■ **DIRECTIONS FOR THIS TASK**: Quote all of the data that follows exactly as written, skipping the images.

----- DATA SECTION

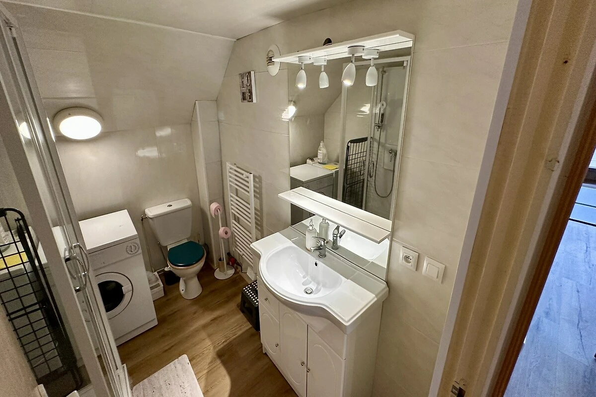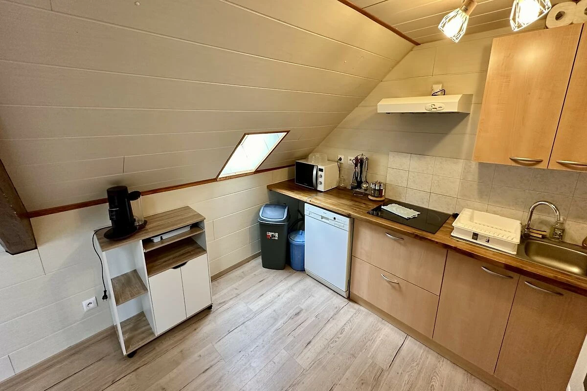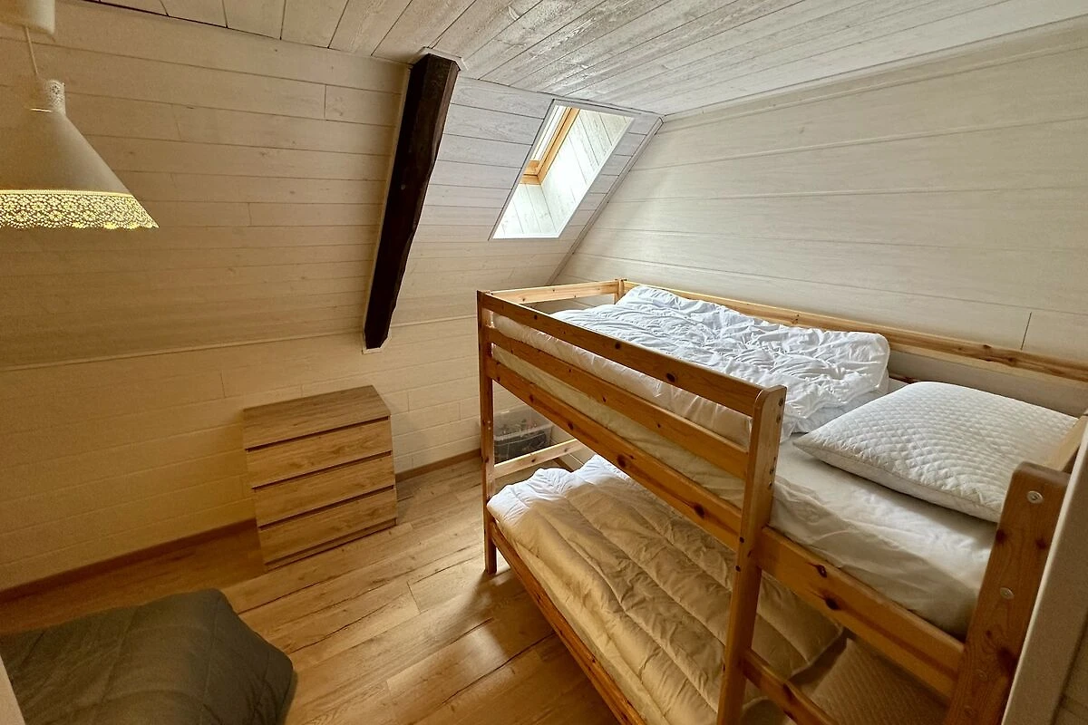 Apartament oferuje przestronny układ z trzema sypialniami, zapewniając mnóstwo przestrzeni, dzięki czemu każdy może się zrelaksować bez uczucia tłoku. Miejsca do spania obejmują trzy łóżka podwójne i łóżko piętrowe, co czyni go idealnym wyborem dla dużych rodzin lub grup przyjaciół. Sercem domu jest wspólna kuchnia w stylu amerykańskim, w pełni wyposażona w płytę ceramiczną, piekarnik i zmywarkę – idealną do przygotowywania posiłków dla dużej rodziny, tak jak w domu. Aby Twój pobyt był jeszcze bardziej praktyczny, w apartamencie znajduje się pralka i suszarka bębnowa, dzięki czemu z łatwością uporasz się z praniem po dniu pełnym przygód na świeżym powietrzu.
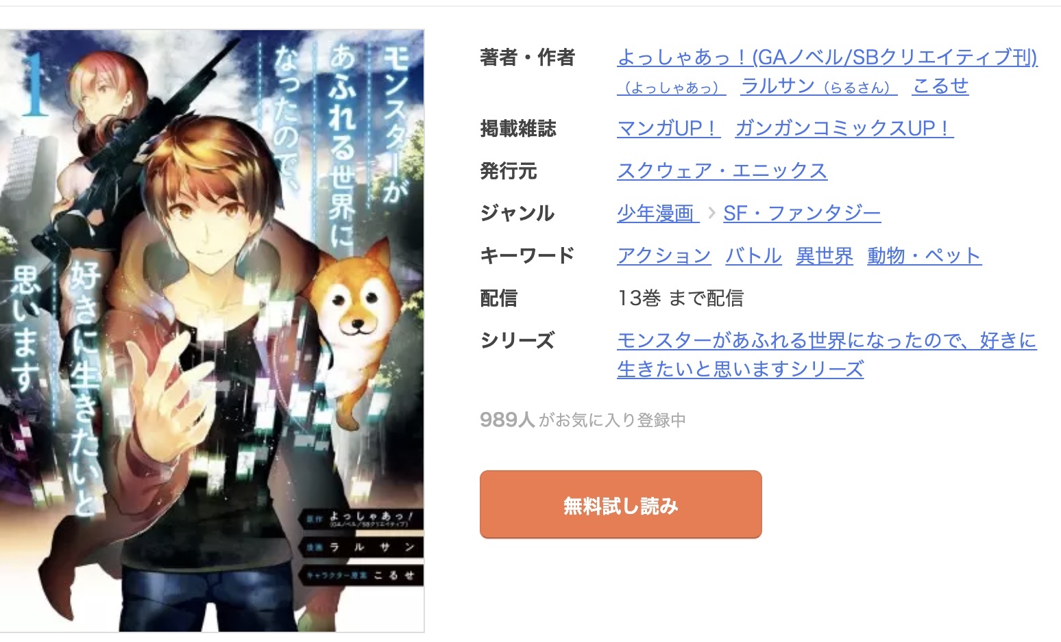 漫画《モンスターがあふれる世界になったので、好きに生きたいと思います》は、マンガUP!/ガンガンコミックスUP!で連載されている漫画で、単行本は全13巻まで発売されています。
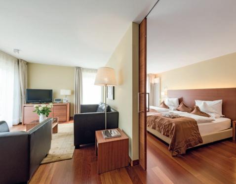 Highlight: Relaxen im großen, mediterranen HotelPark, Spa auf 3 Ebenen, Dachterrassen-Suiten, 3 Gehmin. ins Zentrum.
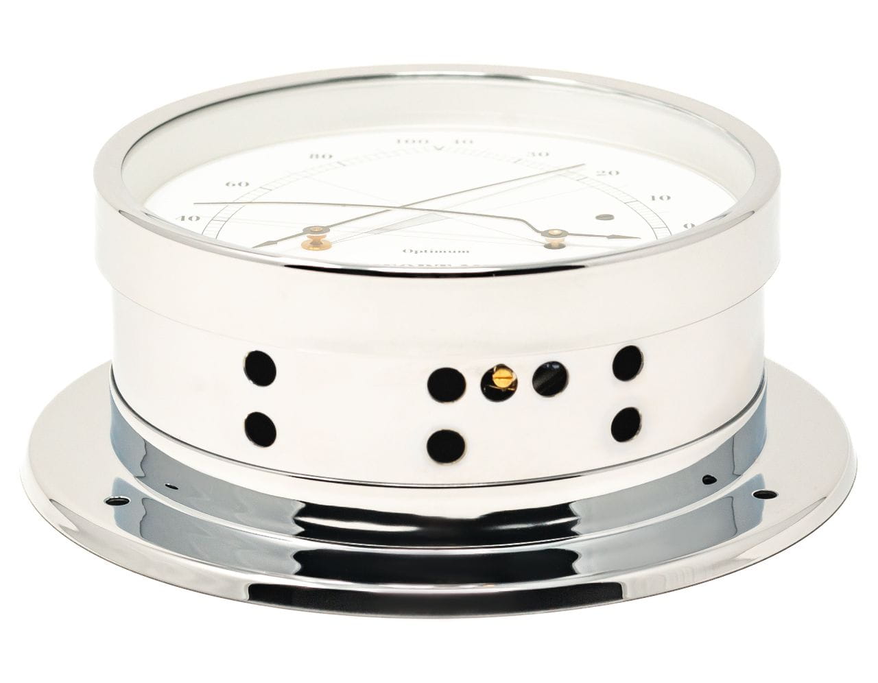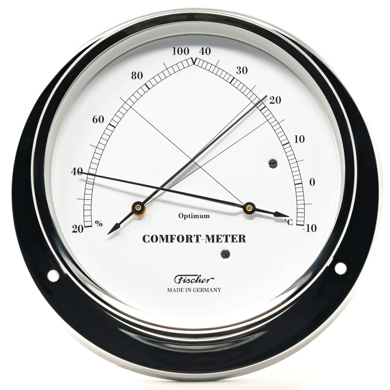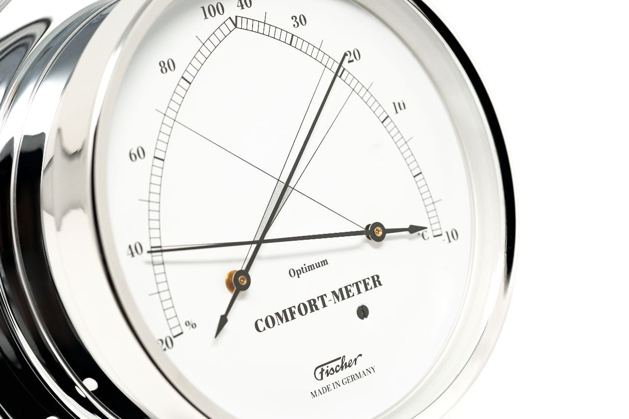 Maritime comfort meter with thermometer and hygrometer from the FISCHER 1610 instrument series, for indoor use. The housing is made of chrome-plated brass and has a mineral glass cover with a diameter of 132 mm.

----------

■ **TASK SOLUTION**:
 Apartament oferuje przestronny układ z trzema sypialniami, zapewniając mnóstwo przestrzeni, dzięki czemu każdy może się zrelaksować bez uczucia tłoku. Miejsca do spania obejmują trzy łóżka podwójne i łóżko piętrowe, co czyni go idealnym wyborem dla dużych rodzin lub grup przyjaciół. Sercem domu jest wspólna kuchnia w stylu amerykańskim, w pełni wyposażona w płytę ceramiczną, piekarnik i zmywarkę – idealną do przygotowywania posiłków dla dużej rodziny, tak jak w domu. Aby Twój pobyt był jeszcze bardziej praktyczny, w apartamencie znajduje się pralka i suszarka bębnowa, dzięki czemu z łatwością uporasz się z praniem po dniu pełnym przygód na świeżym powietrzu.
 漫画《モンスターがあふれる世界になったので、好きに生きたいと思います》は、マンガUP!/ガンガンコミックスUP!で連載されている漫画で、単行本は全13巻まで発売されています。
 Highlight: Relaxen im großen, mediterranen HotelPark, Spa auf 3 Ebenen, Dachterrassen-Suiten, 3 Gehmin. ins Zentrum.
 Maritime comfort meter with thermometer and hygrometer from the FISCHER 1610 instrument series, for indoor use. The housing is made of chrome-plated brass and has a mineral glass cover with a diameter of 132 mm.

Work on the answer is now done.